Это было нечто новое. Геля просто застыла от изумления.
— Вот что прежде всего должен ты уяснить себе, Яклич, — не меняя тона, продолжал Макарцев. — Период у нас какой-то странный нынче. Вроде бы как Ренессанс.
— Ну, Сергеич!.. — не выдержал я. — Попроше не можешь? А то я тебе такую историю про Ренессанс расскажу — с незабвенным Сеней Воеводовым в главной роли.
— Могу и попроше, — согласился Макарцев. — Только не пойму я тебя, Яклич... Самого прежде куда-то всегда заносило... Может, случилось что? А?
— Да нет, — пробормотал я, вспомнив опять дорожную историю. — Слушаю тебя, Сергеич.
— Слушай, слушай внимательно. Помнишь, прошлый раз говорил я тебе, что Нягань словно бы в спячку погружена. Даже перемен никаких не ждут — так, спят на ходу, только упряжь во сне ощупывают: дела ли лямка-то? зарплату дадут? Лямка цела, зато от телеги давно она отстегнулась, сама по земле волочится... Но это уже никого не колышет. И тут приезжает новый генерал. Не видел еще Нуриева, нет? Обязательно познакомься. По нему сразу видно, что этот спать никому не даст. И не потому, что шум поднимет, на горло брать станет, а потому, что у него есть идеи. Понимаешь? Мысль у него есть, как нашу Нягань из ямы вытащить. Теперь Путилов. Никто про него ничего толком не знает, однако заметно — этот Нуриеву под стать, тоже признавать не захочет, что положение безвыходное. Понимаешь, Яклич: надежда забрезжила, вот что самое главное. Почему я назвал этот период странным? Да потому, что конец года, план у нас по всем статьям провален, и о том, чтоб в этом году выкарабкаться — речи быть не может: отставание страшное, я же сказал — мы в яме. Но нет ни уныния, ни обреченности. Более того, появилась вера, что в следующем году по-другому работать будем, не просто лучше или больше, а в принципе по-другому. Уяснил?

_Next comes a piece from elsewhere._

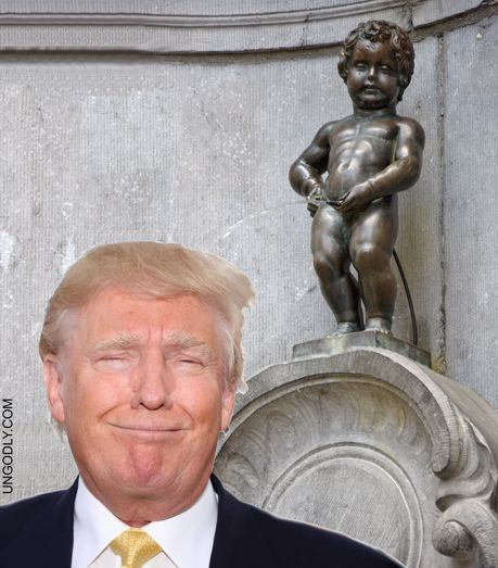 Not to be overlooked, the maneken pis in Brussels acknowledges the POTUS.

— Ох, Макарцев, — сказала Гели. — И ничем-то тебя не проймешь. Надежда. Вера. В принципе. Сколько я тебя знаю, вечно ты в эти бирюльки играешь, каких-то перемен ждешь. Надежда Васильевна, Вера Петровна. По-другому, по-другому! У тебя вон голова вся седая, а ты, как тот мальчик, все надеешься, что Чапаев выплывет...
— Геля, — примирительно сказал я. — Да и тебе бы пора привыкнуть...
— И ты! — взвилась Геля. — Оба вы хороши! Я думала: приехал человек из Москвы, старинный знакомый, чуть ли не родственник, — так неужто поговорить нам не о чем? А вы как заладили: ду-ду-ду, ду-ду-ду...
— Съездим на Тал инку — сам убедишься, — покосившись на Гелю, сказал Макарцев. — Конечно, пока лишь начало, пока только планы, однако настроение у людей стало иное. Переменились люди. Те же самые — а переменились.
— Так уж сразу... — усомнился я.
— Ладно. Посмотришь — тогда поговорим... А что за историю ты обещал? Про Ренессанс. Кто такой Воеводов? Киноактер?
— Сосед мой по кубрику. Наверное, я рассказывал уже. Давно это было, еще когда я на рыболовецком траулере в Норвежском море болтался.
— Ну и?..
— Сначала я Сеню опишу. Хотя внешне — ничего, чтоб из ряда вон. Здоровенный амбал с рыжей бородой. Между прочим, большой любитель чтения. Только должен сказать тебе, Сергеич, интерес Воеводова к мировой литературе носил довольно своеобразный характер. Взаимоотношения главных ли героев, эпизодических персонажей разного пола занимали его лишь до той поры, пока не развязывался главный, на взгляд Сени, драматургический узел — происходило между ними что или не происходило.